Mistral Small 3 (2501), a latency-optimized 24B-parameter model released under Apache 2.0 maintains a balance between performance and computational efficiency. Mistral offers both the pretrained (Mistral-Small-24B-Base-2501) and instruction-tuned (Mistral-Small-24B-Instruct-2501) checkpoints of the model under Apache 2.0. Mistral Small 3 (2501) features a 32 k token context window. According to Mistral, the model demonstrates strong performance in code, math, general knowledge, and instruction following compared to its peers. Mistral Small 3 (2501) is designed for the 80% of generative AI tasks that require robust language and instruction following performance with very low latency. The instruction-tuning process is focused on improving the model’s ability to follow complex directions, maintain coherent conversations, and generate accurate, context-aware responses. The 2501 version follows previous iterations (Mistral-Small-2409 and Mistral-Small-2402) released in 2024, incorporating improvements in instruction-following and reliability. Currently, the instruct version of this model, Mistral-Small-24B-Instruct-2501 is available for customers to deploy and use on SageMaker JumpStart and Bedrock Marketplace.
Mistral Small 3 (2501) excels in scenarios where quick, accurate responses are critical, such as in virtual assistants. This includes virtual assistants where users expect immediate feedback and near real-time interactions. Mistral Small 3 (2501) can handle rapid function execution when used as part of automated or agentic workflows. The architecture is designed to typically respond in less than 100 milliseconds, according to Mistral, making it ideal for customer service automation, interactive assistance, live chat, and content moderation.
According to Mistral, the instruction-tuned version of the model achieves over 81% accuracy on Massive Multitask Language Understanding (MMLU) with 150 tokens per second latency, making it currently the most efficient model in its category. In third-party evaluations conducted by Mistral, the model demonstrates competitive performance against larger models such as Llama 3.3 70B and Qwen 32B. Notably, Mistral claims that the model performs at the same level as Llama 3.3 70B instruct and is more than three times faster on the same hardware.
SageMaker JumpStart is a fully managed service that offers state-of-the-art foundation models for various use cases such as content writing, code generation, question answering, copywriting, summarization, classification, and information retrieval. It provides a collection of pre-trained models that you can deploy quickly, accelerating the development and deployment of ML applications. One of the key components of SageMaker JumpStart is model hubs, which offer a vast catalog of pre-trained models, such as Mistral, for a variety of tasks.
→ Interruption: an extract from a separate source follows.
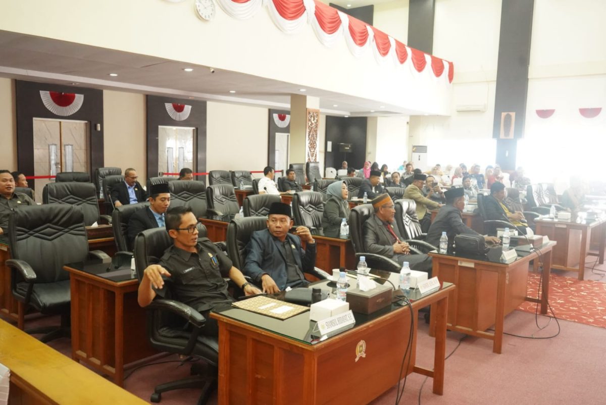 Sekretaris Daerah Kabupaten Sumbawa, Dr. H. Budi Prasetyo, S.Sos., M.AP., hadiri Rapat Paripurna Penyampaian Pandangan Umum Fraksi-fraksi DPRD Kabupaten Sumbawa terhadap 2 Rancangan Peraturan Daerah dari Pemerintah Daerah Kabupaten Sumbawa Tahun 2025. Rapat ini berlangsung di ruang Rapat Paripurna DPRD Kabupaten Sumbawa, Kamis, (21/8/2025). Hadir juga Forkopimda Kabupaten Sumbawa, OPD terkait, serta para anggota DPRD Kabupaten Sumbawa.

You can now discover and deploy Mistral models in Amazon SageMaker Studio or programmatically through the SageMaker Python SDK, enabling you to derive model performance and MLOps controls with Amazon SageMaker features such as Amazon SageMaker Pipelines, Amazon SageMaker Debugger, or container logs. The model is deployed in a secure AWS environment and under your VPC controls, helping to support data security for enterprise security needs.
To try Mistral-Small-24B-Instruct-2501 in SageMaker JumpStart, you need the following prerequisites:
To get started, in the AWS Management Console for Amazon Bedrock, select Model catalog in the Foundation models section of the navigation pane. Here, you can search for models that help you with a specific use case or language. The results of the search include both serverless models and models available in Amazon Bedrock Marketplace. You can filter results by provider, modality (such as text, image, or audio), or task (such as classification or text summarization).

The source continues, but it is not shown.